The film shares African-American stories and how they were raised to love America. Many say they were taught about slavery but not in a way that made them hate others. They worked their lands, went to college, and owned their own businesses. It includes testaments from people whose parents grew up in the Jim Crow south, and how they were taught work ethic and that they could accomplish what they wanted. They were never taught they were oppressed and never saw themselves as lesser than others. Larry Elder, interviewed in the documentary, suggests there’s a strategic reason those lessons aren’t taught to black youth today. “Whenever you have something to be proud of, people have less chance of controlling you.”
The film cites facts that counter mainstream narratives of black history today, pointing out that the first slave owner in America was a black man and hundreds of black people owned slaves. In addition, it points out that even before the civil rights movement, during the 1920s and 30s, when Black Wall Street existed, black people overall were highly educated and prosperous.
Although the political left cites the Tulsa Race Massacre as the reason Black Wall Street and black success died in 1921, the documentary shows that Black Wall Street was rebuilt in 1925. By the 1940s, the black community was successful and happy again.

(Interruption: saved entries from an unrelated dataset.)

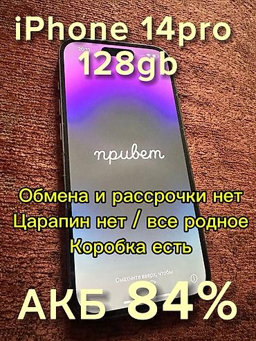 IPhone 14 Pro, Б/у, 128 ГБ, Deep Purple, Коробка, 84 %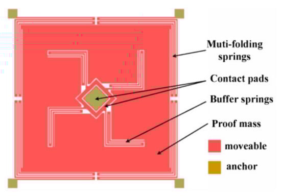 An inertial switch with biaxial sensitivity means that it can operate in two axes. There are two main methods to achieve biaxial directional sensitivity for the switch. One of the ways is to assemble two single-axial switches into one chip, and the new switch can realize biaxial sensitivity in a plane [43]. Although the direct assembly of single-axis switches improves the directional sensitivity, it also has some problems and defects, including assembly errors [44], excessive bulk [45], packaging difficulty [46], and high manufacturing costs [45]. Another method is to utilize multiple springs to support the mass, and the fixed electrode is placed around the mass in multiple directions to achieve biaxial sensitivity. That layout allows a more uniform distribution of the stiffness of the mass–spring system in all directions. Greywall et al. [47] claimed patents for two biaxial inertial switch designs. Both designs had a circular proof mass suspended by springs, but varied in the fact that the fixed electrodes were outer and inner. Lin et al. [48] presented another design of a two-axis low-g acceleration threshold switch. The switch utilized buffer springs connected to the proof mass and contacted the fixed electrode, which would reduce the bounce of the switch when the shock exceeded the acceleration threshold, thereby prolonging the contact time of the switch, as illustrated in Figure 3. Niyazi et al. [49] designed a novel bidirectional multi-threshold mems inertia switch capable of acceleration-based actuation of separate circuits. The design implemented a spring-suspended mass with fixed electrodes positioned in the sensitive direction, consuming no power in the stationary state. The acceleration thresholds were 69 g and 121 g. Xu et al. [50] fabricated a dual-axis MEMS shock sensor that could be triggered in each direction in a single plane. The device consisted of a movable electrode, which was a proof mass suspended by four serpentine springs, and three cantilever beams forming the first, second, and third stationary electrodes. The switch could sense an acceleration range of 800–2600 g.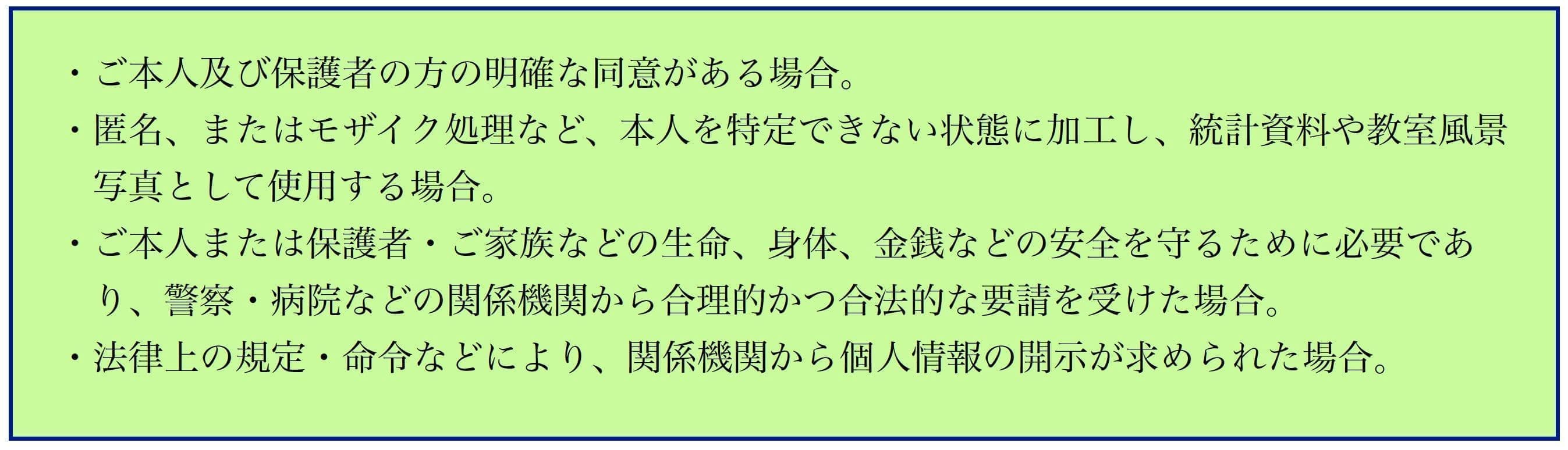 個人情報の取得については、業務上必要不可欠な範囲にとどめ、合法かつ公正な方法でのみこれを行います。また、法令その他の規定にかかわらず、生徒・保護者の方が不快に思われるような方法での情報取得及び利用は一切行わないことをお約束いたします。

The documentary says this was true for many places throughout the south and that the businesses, cultures, schools, and families didn’t begin to be destroyed until after the civil rights movement, with the introduction of socialist programs and government dependency.
The film poses a series of questions to black viewers, such as: are there things culturally and generationally that we’ve been doing, thinking, and believing that have contributed to the problems we face today? For example, did black Americans depend on the government at the expense of relying on God, fathers, families, and their character and abilities?